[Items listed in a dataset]
•••••

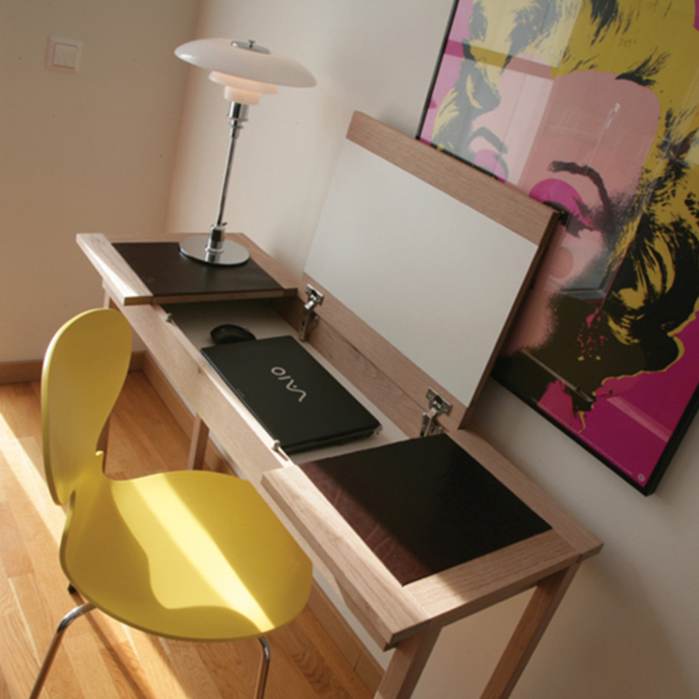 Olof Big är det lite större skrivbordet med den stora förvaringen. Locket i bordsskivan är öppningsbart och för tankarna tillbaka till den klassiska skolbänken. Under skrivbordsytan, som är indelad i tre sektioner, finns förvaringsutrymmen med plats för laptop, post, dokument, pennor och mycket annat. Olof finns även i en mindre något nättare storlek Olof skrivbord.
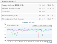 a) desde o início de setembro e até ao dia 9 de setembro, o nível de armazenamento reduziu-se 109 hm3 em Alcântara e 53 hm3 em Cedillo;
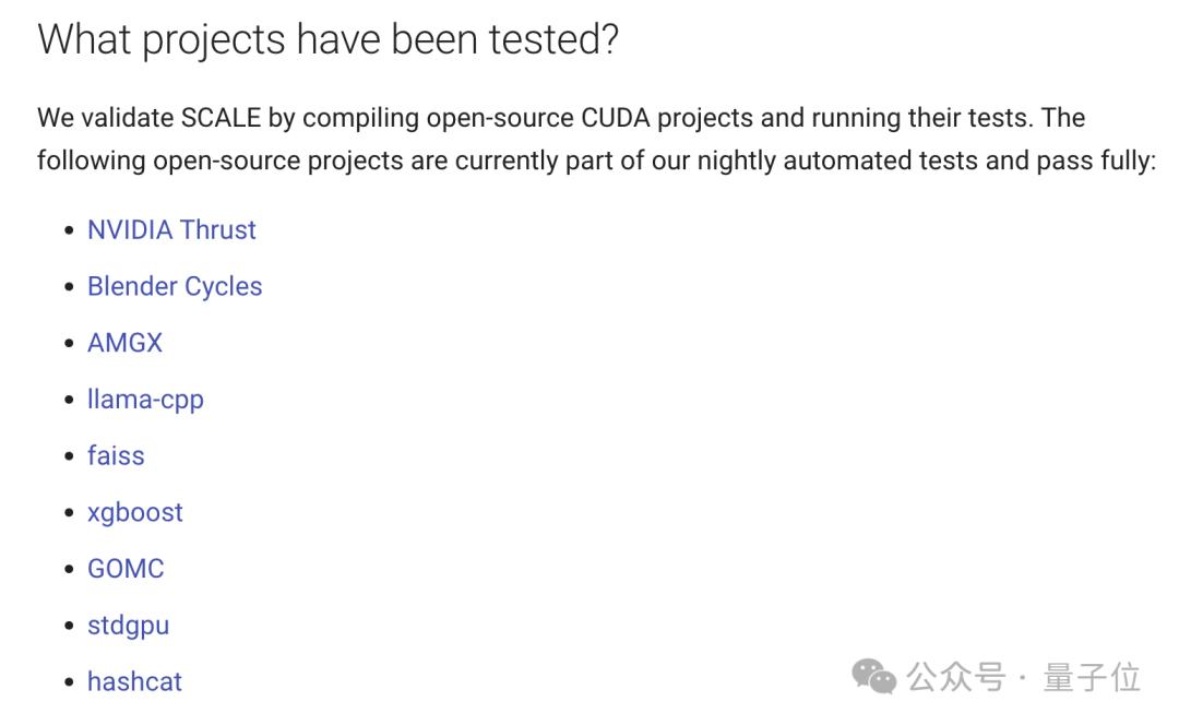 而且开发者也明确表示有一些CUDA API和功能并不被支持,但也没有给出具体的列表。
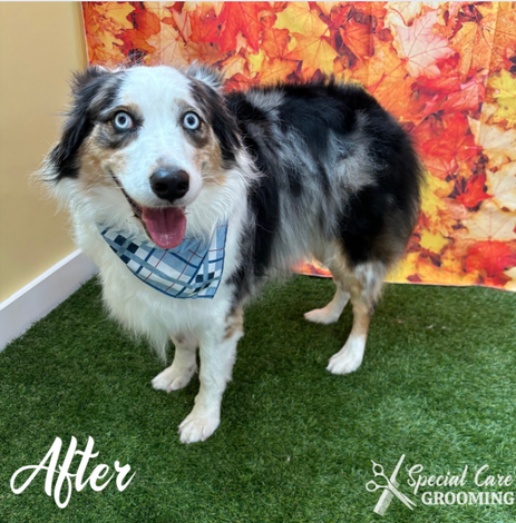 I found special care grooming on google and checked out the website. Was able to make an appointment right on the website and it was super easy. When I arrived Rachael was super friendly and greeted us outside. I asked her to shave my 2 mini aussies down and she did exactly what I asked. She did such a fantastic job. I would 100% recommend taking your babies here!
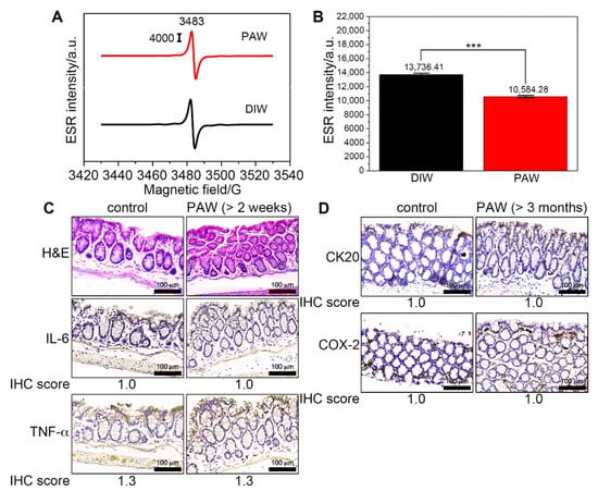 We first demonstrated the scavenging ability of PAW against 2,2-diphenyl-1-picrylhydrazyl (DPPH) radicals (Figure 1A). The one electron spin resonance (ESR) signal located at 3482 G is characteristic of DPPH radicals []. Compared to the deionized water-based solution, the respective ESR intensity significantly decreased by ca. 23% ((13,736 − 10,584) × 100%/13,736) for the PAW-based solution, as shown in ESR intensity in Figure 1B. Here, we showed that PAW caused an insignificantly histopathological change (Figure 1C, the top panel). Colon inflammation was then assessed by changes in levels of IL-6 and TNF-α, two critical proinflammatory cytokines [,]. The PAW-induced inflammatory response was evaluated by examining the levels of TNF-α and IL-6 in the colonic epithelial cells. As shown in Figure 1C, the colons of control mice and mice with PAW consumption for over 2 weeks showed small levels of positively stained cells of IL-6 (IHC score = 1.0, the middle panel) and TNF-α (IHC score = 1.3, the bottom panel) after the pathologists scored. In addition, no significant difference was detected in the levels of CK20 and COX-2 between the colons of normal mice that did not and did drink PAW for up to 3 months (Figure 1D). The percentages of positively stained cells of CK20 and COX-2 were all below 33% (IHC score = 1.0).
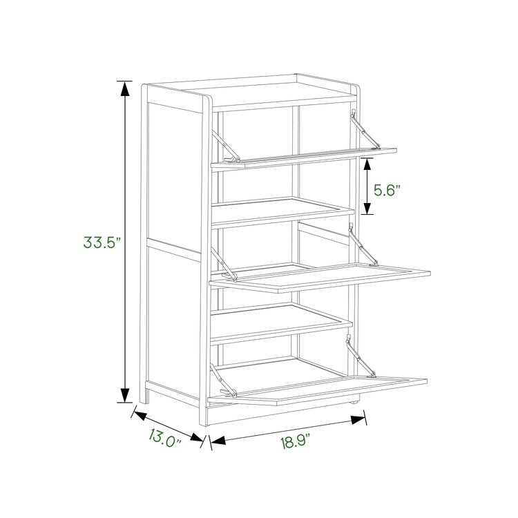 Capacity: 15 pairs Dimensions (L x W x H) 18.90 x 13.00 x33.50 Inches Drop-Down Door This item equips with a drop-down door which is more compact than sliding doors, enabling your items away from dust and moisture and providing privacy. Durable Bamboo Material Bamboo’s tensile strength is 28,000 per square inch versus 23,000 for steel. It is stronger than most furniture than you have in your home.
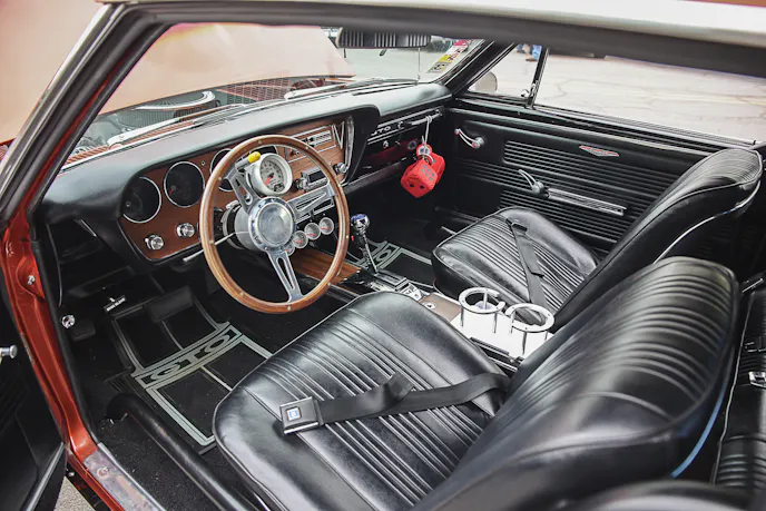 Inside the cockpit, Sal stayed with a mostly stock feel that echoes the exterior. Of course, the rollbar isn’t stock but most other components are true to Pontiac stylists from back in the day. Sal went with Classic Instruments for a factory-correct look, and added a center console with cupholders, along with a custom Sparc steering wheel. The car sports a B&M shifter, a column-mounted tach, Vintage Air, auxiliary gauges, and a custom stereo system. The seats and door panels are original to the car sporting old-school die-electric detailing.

•••••

- [Exercise objective]:
With the pictures omitted, give every line above again exactly.

- [Task response]:
 Olof Big är det lite större skrivbordet med den stora förvaringen. Locket i bordsskivan är öppningsbart och för tankarna tillbaka till den klassiska skolbänken. Under skrivbordsytan, som är indelad i tre sektioner, finns förvaringsutrymmen med plats för laptop, post, dokument, pennor och mycket annat. Olof finns även i en mindre något nättare storlek Olof skrivbord.
 a) desde o início de setembro e até ao dia 9 de setembro, o nível de armazenamento reduziu-se 109 hm3 em Alcântara e 53 hm3 em Cedillo;
 而且开发者也明确表示有一些CUDA API和功能并不被支持,但也没有给出具体的列表。
 I found special care grooming on google and checked out the website. Was able to make an appointment right on the website and it was super easy. When I arrived Rachael was super friendly and greeted us outside. I asked her to shave my 2 mini aussies down and she did exactly what I asked. She did such a fantastic job. I would 100% recommend taking your babies here!
 We first demonstrated the scavenging ability of PAW against 2,2-diphenyl-1-picrylhydrazyl (DPPH) radicals (Figure 1A). The one electron spin resonance (ESR) signal located at 3482 G is characteristic of DPPH radicals []. Compared to the deionized water-based solution, the respective ESR intensity significantly decreased by ca. 23% ((13,736 − 10,584) × 100%/13,736) for the PAW-based solution, as shown in ESR intensity in Figure 1B. Here, we showed that PAW caused an insignificantly histopathological change (Figure 1C, the top panel). Colon inflammation was then assessed by changes in levels of IL-6 and TNF-α, two critical proinflammatory cytokines [,]. The PAW-induced inflammatory response was evaluated by examining the levels of TNF-α and IL-6 in the colonic epithelial cells. As shown in Figure 1C, the colons of control mice and mice with PAW consumption for over 2 weeks showed small levels of positively stained cells of IL-6 (IHC score = 1.0, the middle panel) and TNF-α (IHC score = 1.3, the bottom panel) after the pathologists scored. In addition, no significant difference was detected in the levels of CK20 and COX-2 between the colons of normal mice that did not and did drink PAW for up to 3 months (Figure 1D). The percentages of positively stained cells of CK20 and COX-2 were all below 33% (IHC score = 1.0).
 Capacity: 15 pairs Dimensions (L x W x H) 18.90 x 13.00 x33.50 Inches Drop-Down Door This item equips with a drop-down door which is more compact than sliding doors, enabling your items away from dust and moisture and providing privacy. Durable Bamboo Material Bamboo’s tensile strength is 28,000 per square inch versus 23,000 for steel. It is stronger than most furniture than you have in your home.
 Inside the cockpit, Sal stayed with a mostly stock feel that echoes the exterior. Of course, the rollbar isn’t stock but most other components are true to Pontiac stylists from back in the day. Sal went with Classic Instruments for a factory-correct look, and added a center console with cupholders, along with a custom Sparc steering wheel. The car sports a B&M shifter, a column-mounted tach, Vintage Air, auxiliary gauges, and a custom stereo system. The seats and door panels are original to the car sporting old-school die-electric detailing.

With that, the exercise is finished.